I find Dr. Fenton right where I left her, working her way down her towering pile of charts, leaning against the counter of the nurses’ station, her eyes blinking and red behind the round glasses.
“Hey,” I start, but then another doctor, short and bald and bleary eyed, stops and scowls. “Is that a fucking dog? You can’t have a fucking dog in here.”
“Sorry,” I say, but Fenton says, “Shut up, Gordon. That dog’s more hygienic than you are.”
“Clever,” he says, “you fucking hack.” He disappears into an adjacent exam room and slams the door. Fenton turns to me. “What happened, Detective Palace? You get shot again?”
We take the unlit stairwell down to the crowded first-floor cafeteria: dirty linoleum tables and a handful of stools, a big plastic bin filled with mismatched cutlery, boxes of supermarket teabags and a row of kettles lined up on camp stoves. Dr. Fenton and I take our tea out to the lobby and sit in the overstuffed chairs.
“When did you stop working in the morgue?”

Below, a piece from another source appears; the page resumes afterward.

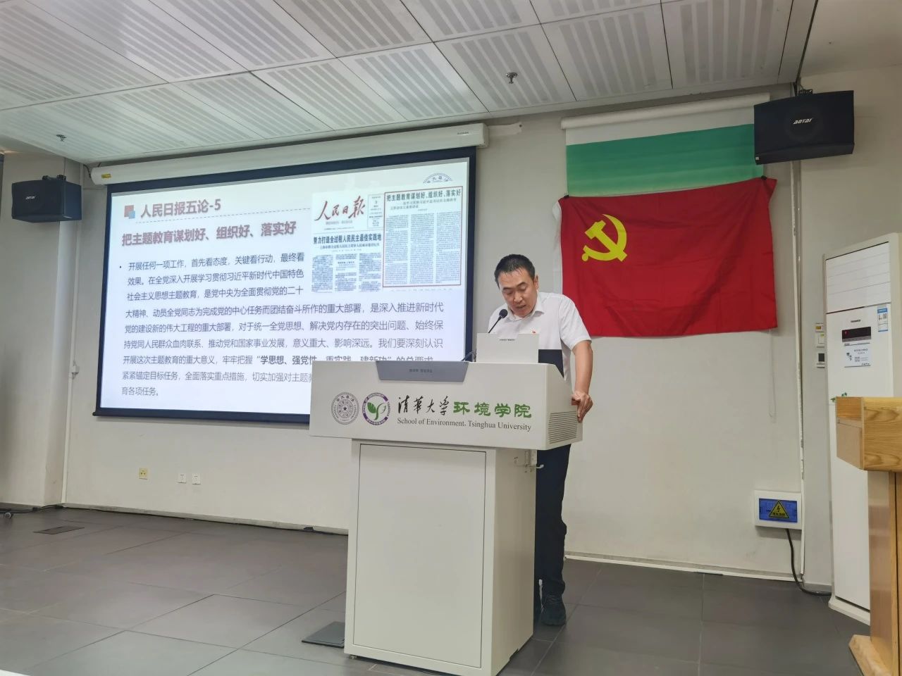 给排水土壤地下水所联合支部党支书孙文俊首先作持续深入学习贯彻习近平新时代中国特色社会主义思想的报告。报告从人民日报五论、习近平文化思想、理论创新与时代价值、坚定信仰者和忠实实践者等四个方面展开,强调“要把理论学习、调查研究、推动发展、检视整改贯通起来,有机融合、一体推进。”孙文俊还指出,作为博士研究生,不光要学习党的理论知识并将其落实到生活中,在科学研究中也应该将理论与实践相结合。在日常工作中要主动将理论研究和实际问题相联系,统筹考虑理论问题和实际问题,既要敢于突破现有理论,也要有解决实际问题的能力。

“Two weeks ago,” she says. “Three, maybe. The last month or so, though, we weren’t doing autopsies. No call for it. Just intake, preparing bodies for burial.”
“But you were still down there when Independence Day happened?”
“I was.”
The front door of the hospital crashes open and a middle-aged man stumbles in carrying a woman in his arms like a newlywed, her bleeding profusely from the wrists, him just yelling, “God you idiot, you idiot, you’re such an idiot!” He kicks open the door of the stairwell and lugs his wife inside, and the door slams closed behind them. Fenton lifts her glasses to rub her eyes, looks at me expectantly.
“I’m trying to I.D. a corpse that came in that night.”